After adding to study-abroad students those pursuing research, internships, work on Let’s Go guides, and various kinds of service, the number of “sponsored” experiences abroad for 2004-2005 totaled 933. That is more than halfway toward FAS’s goal of getting the equivalent of an entire College class out into the world each year. To achieve this in the next five years, Edwards foresaw new programs in venues ranging from Botswana and Cameroon to Argentina, India, Belgium, and Brazil, and covering interests in science, human rights, public health, and sustainable development.

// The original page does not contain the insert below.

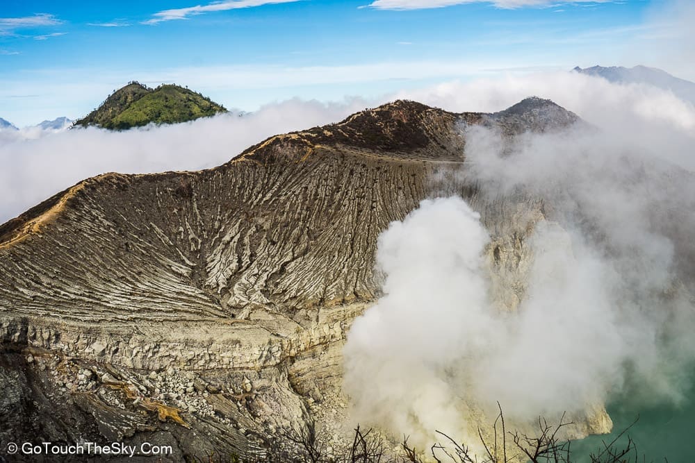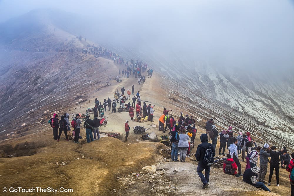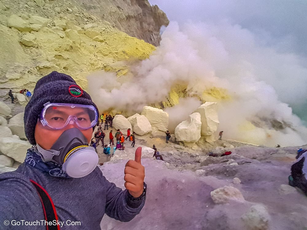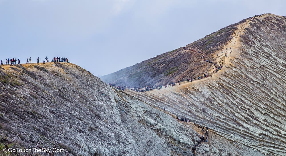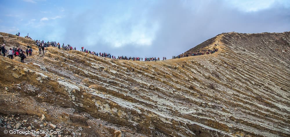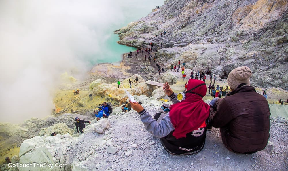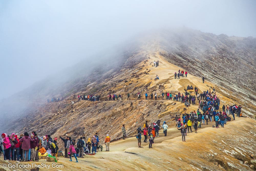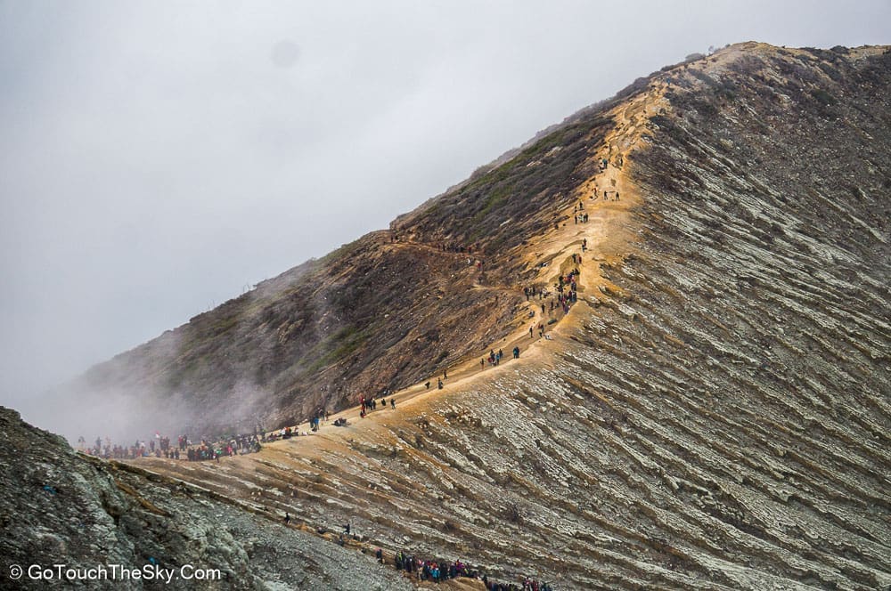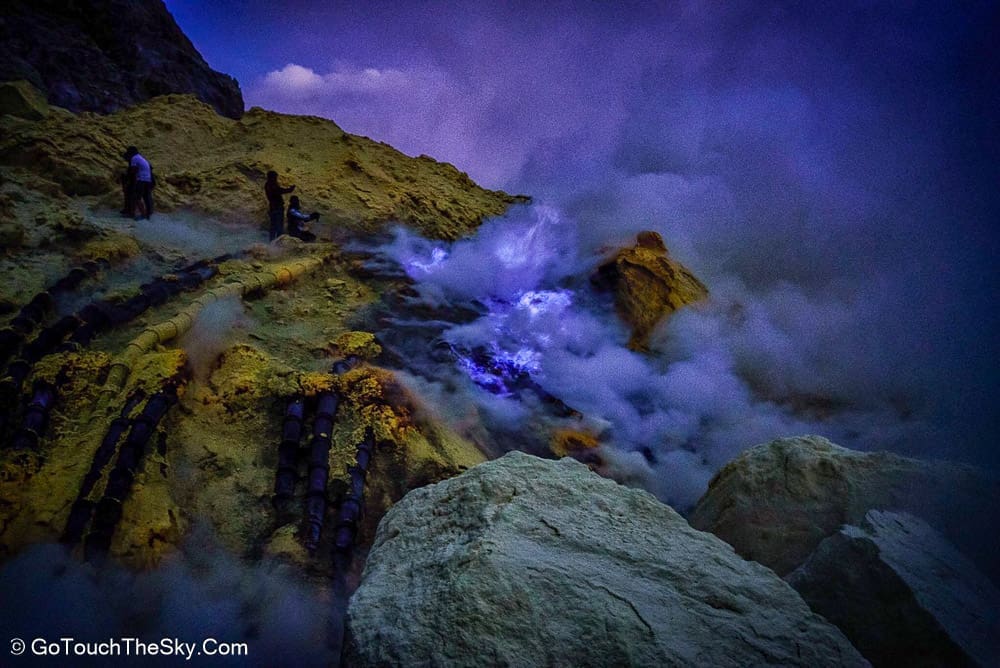 เราก้มหน้าเดินไปในความมืดอย่างไม่ลดละ หยุดพักหายใจเป็นช่วงๆ จำได้ว่าพอขึ้นไปถึงยอดเขา เราต้องเลี้ยวขวาเเล้วเดินไปตามสันเขาอีกพักใหญ่ๆ กว่าจะถึงจุดที่แยกลงไปยังปล่องด้านล่างอันเป็นจุดที่มีเหมืองกำมะถันและเปลวไฟสีน้ำเงิน (Blue Flame)

An important partner in these efforts is the summer school, whose dean, Robert A. Lue, outlined growth in Harvard faculty-led programs from seven in 2004 to 10 last year; College enroll-ment rose from 41 to 106. The large new effort in Beijing, which enrolled more than 30 Harvard students, is accelerating the school’s ambitions: six new offerings are planned for next summer, ranging from biological fieldwork in the Dominican Republic to an East Asian studies course in Korea.

Coatsworth reminded the faculty that international experiences provided students with exposure to the unfamiliar in the best liberal-arts tradition, a sense of global citizenship, and increased capacity to live and work in more diverse surroundings. To sustain and deepen student interest, he called for further incentives: financial aid and acknowledgment of “significant” experiences, carefully defined, on transcripts. And he urged extensive faculty engagement to enhance the quality of students’ programs by identifying the best opportunities, helping to create new ones (like those in the summer school), and linking their own teaching to students’ experiences abroad. On the latter point, Coatsworth offered his fellow professors their own incentive: grants from an “international innovation fund” to develop courses extending beyond the boundaries of the United States.